The IACP conference featured companies selling all of these kinds of surveillance. Also, each day contained multiple panels on how AI could be integrated into local police work, including featured speakers like Axon founder Rick Smith, Chula Vista Police Chief Roxana Kennedy, and Fort Collins Police Chief Jeff Swoboda, whose agency was among the first to use Axon’s DraftOne, software using genAI to create police reports. Drone as First Responder (DFR) programs were prominently featured by Skydio, Flock Safety, and Brinc. Clearview AI marketed its face recognition software. Axon offered a whole set of different tools, centering its whole presentation around AxonAI and the computer-driven future. 

The booth for police drone provider, Brinc

The policing “solution” du jour is AI, but in reality it demands oversight, skepticism, and, in some cases, total elimination. AI in policing carries a dire list of risks, including extreme privacy violations, bias, false accusations, and the sabotage of our civil liberties. Adoption of such tools at minimum requires community control of whether to acquire them, and if adopted, transparency and clear guardrails. 

The Corporate/Law Enforcement Data Surveillance Venn Diagram Is Basically A Circle

AI cannot exist without data: data to train the algorithms, to analyze even more data, to trawl for trends and generate assumptions. Police have been accruing their own data for years through cases, investigations, and surveillance. Corporations have also been gathering information from us: our behavior online, our purchases, how long we look at an image, what we click on. 

As one vendor employee said to us, “Yeah, it’s scary.” 

Corporate harvesting and monetizing of our data market is wildly unregulated. Data brokers have been busily vacuuming up whatever information they can. A whole industry provides law enforcement access to as much information about as many people as possible, and packages police data to “provide insights” and visualizations. At IACP, companies like LexisNexis, Peregrine, DataMinr, and others showed off how their platforms can give police access to evermore data from tens of thousands of sources. 

Some Cops Care What the Public Thinks

Cops will move ahead with AI, but they would much rather do it without friction from their constituents. Some law enforcement officials remain shaken up by the global 2020 protests following the police murder of George Floyd. Officers at IACP regularly referred to the “public” or the “activists” who might oppose their use of drones and other equipment. One featured presentation, “Managing the Media's 24-Hour News Cycle and Finding a Reporter You Can Trust,” focused on how police can try to set the narrative that the media tells and the public generally believes. In another talk, Chula Vista showed off professionally-produced videos designed to win public favor. 

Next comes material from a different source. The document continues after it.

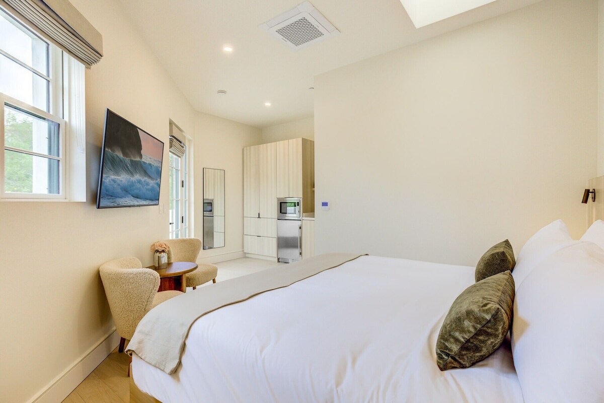 ## Space Immaculately renovated downstairs studio with its own exterior access in a multi-unit building only two blocks from downtown Santa Barbara & State Street. The original Spanish architecture has been preserved while offering modern upgrades & conveniences. Enjoy the stunning communal rooftop terrace with breathtaking mountain views, open for guests between 8 am and 10 pm. This 279 sqft king-bed unit is ideal for 2 guests and has a 55\ No Party s). A pet fee will apply; pets can not be left unattended in your room. Please add your pet to the reservation, or disclose your pet to our hospitality team after booking. Pets will enjoy fresh water from the SIBAYS pet fountain with filtration system, located next to the ice machine in the covered garage. *LIVING WAGE PLEDGE: Our cleaning fee includes cleaning the unit and outdoor space, professionally. As part of The Living Wage Pledge, we are committed to paying our cleaners fairly. A living wage is a minimum income necessary for someone to meet their basic needs and participate in their community.* *SUSTAINABILITY: To support sustainable tourism and reduce our carbon footprint, we provide Public Goods toiletries and green cleaning products.* * BABY / CHILD AMENITIES: pack n ,

This underlines something important: Community engagement, questions, and advocacy are well worth the effort. While many police officers think privacy is dead, it isn’t. We should have faith that when we push back and exert enough pressure, we can stop law enforcement’s full-scale invasion of our private lives.

Cop Tech is Coming To Every Department

The companies that sell police spy tech, and many departments that use it, would like other departments to use it, too, expanding the sources of data feeding into these networks. In panels like “Revolutionizing Small and Mid-Sized Agency Practices with Artificial Intelligence,” and “Futureproof: Strategies for Implementing New Technology for Public Safety,” police officials and vendors encouraged agencies of all sizes to use AI in their communities. Representatives from state and federal agencies talked about regional information-sharing initiatives and ways smaller departments could be connecting and sharing information even as they work out funding for more advanced technology.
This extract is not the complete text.